The following table shows the modes in which you can enter the command:

Command Mode
Firewall Mode
Security Context
Routed
Transparent
Single
Multiple
Context
System

Privileged EXEC


Command History

Release
Modification

7.0(1)

This command was introduced.


Usage Guidelines

Using this command resets the counters in the output from the show ipv6 traffic command.

Examples

The following example resets the IPv6 traffic counters.
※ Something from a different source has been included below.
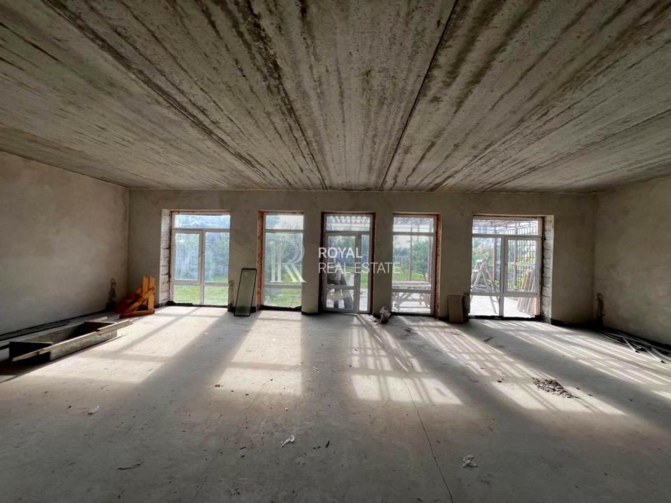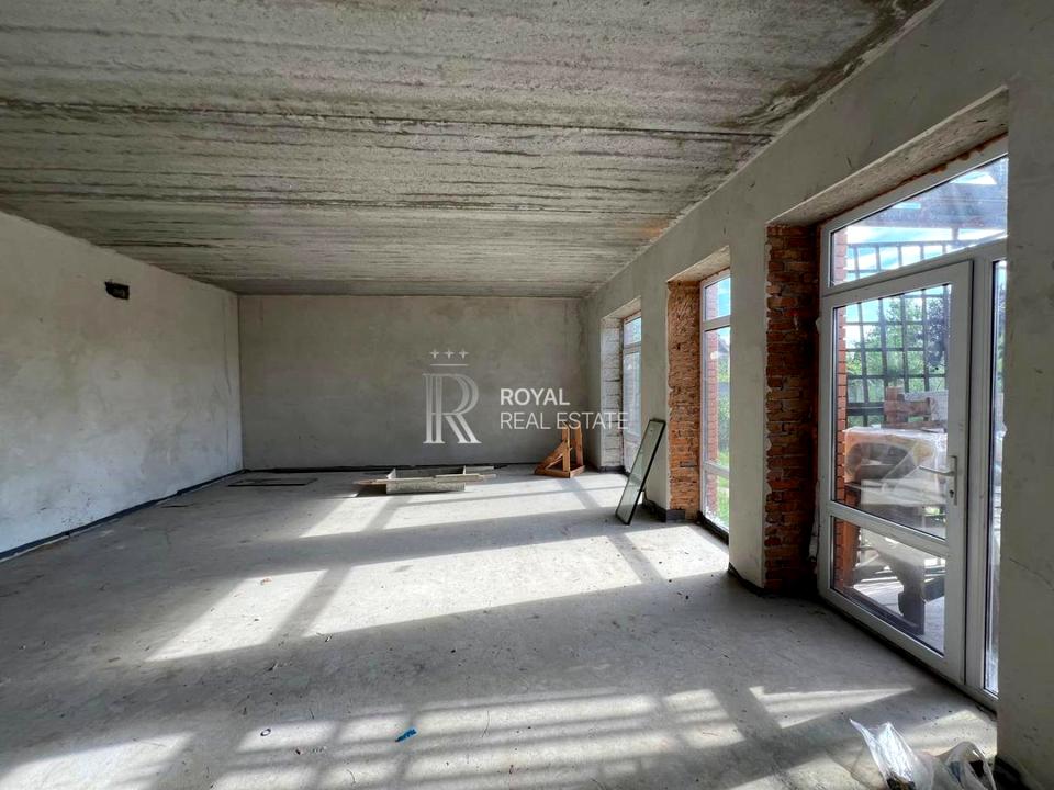 На першому поверсі велика зала з кухнею(приблизною площею біля 40кв.м), з виходом на велику терасу.

The output from the ipv6 traffic command shows that the counters have been reset: 

hostname# clear ipv6 traffic

hostname# show ipv6 traffic

IPv6 statistics:

  Rcvd:  1 total, 1 local destination

         0 source-routed, 0 truncated

         0 format errors, 0 hop count exceeded

         0 bad header, 0 unknown option, 0 bad source

         0 unknown protocol, 0 not a router

         0 fragments, 0 total reassembled

         0 reassembly timeouts, 0 reassembly failures

  Sent:  1 generated, 0 forwarded

         0 fragmented into 0 fragments, 0 failed

         0 encapsulation failed, 0 no route, 0 too big

  Mcast: 0 received, 0 sent

ICMP statistics:

  Rcvd: 1 input, 0 checksum errors, 0 too short

        0 unknown info type, 0 unknown error type

        unreach: 0 routing, 0 admin, 0 neighbor, 0 address, 0 port

        parameter: 0 error, 0 header, 0 option

        0 hopcount expired, 0 reassembly timeout,0 too big

        0 echo request, 0 echo reply

        0 group query, 0 group report, 0 group reduce

        0 router solicit, 0 router advert, 0 redirects

        0 neighbor solicit, 1 neighbor advert

  Sent: 1 output

        unreach: 0 routing, 0 admin, 0 neighbor, 0 address, 0 port

        parameter: 0 error, 0 header, 0 option

        0 hopcount expired, 0 reassembly timeout,0 too big

        0 echo request, 0 echo reply

        0 group query, 0 group report, 0 group reduce

        0 router solicit, 0 router advert, 0 redirects

        0 neighbor solicit, 1 neighbor advert

UDP statistics:

  Rcvd: 0 input, 0 checksum errors, 0 length errors

        0 no port, 0 dropped

  Sent: 0 output

TCP statistics:

  Rcvd: 0 input, 0 checksum errors

  Sent: 0 output, 0 retransmitted

Related Commands

Command
Description

show ipv6 traffic

Displays IPv6 traffic statistics.


clear isakmp sa

To remove all of the IKE runtime SA database, use the clear isakmp sa command in global configuration or privileged EXEC mode.

clear isakmp sa

Syntax Description

This command has no keywords or arguments.

Defaults

No default behavior or values.

Command Modes

The following table shows the modes in which you can enter the command:

Command Mode
Firewall Mode
Security Context
Routed
Transparent
Single
Multiple
Context
System

Privileged EXEC

Global configuration


Command History

Release
Modification

7.0(1)

This command was introduced.

7.2(1)

The clear isakmp sa command was changed to clear crypto isakmp sa.

9.0(1)

Support for multiple context mode was added.


Examples

The following example removes the IKE runtime SA database from the configuration: 

hostname# clear isakmp sa 

hostname#

Related Commands

Command
Description

clear isakmp

Clears the IKE runtime SA database.

isakmp enable

Enables ISAKMP negotiation on the interface on which the IPsec peer communicates with the ASA.

show isakmp stats

Displays runtime statistics.

show isakmp sa

Displays IKE runtime SA database with additional information.

show running-config isakmp

Displays all the active ISAKMP configuration.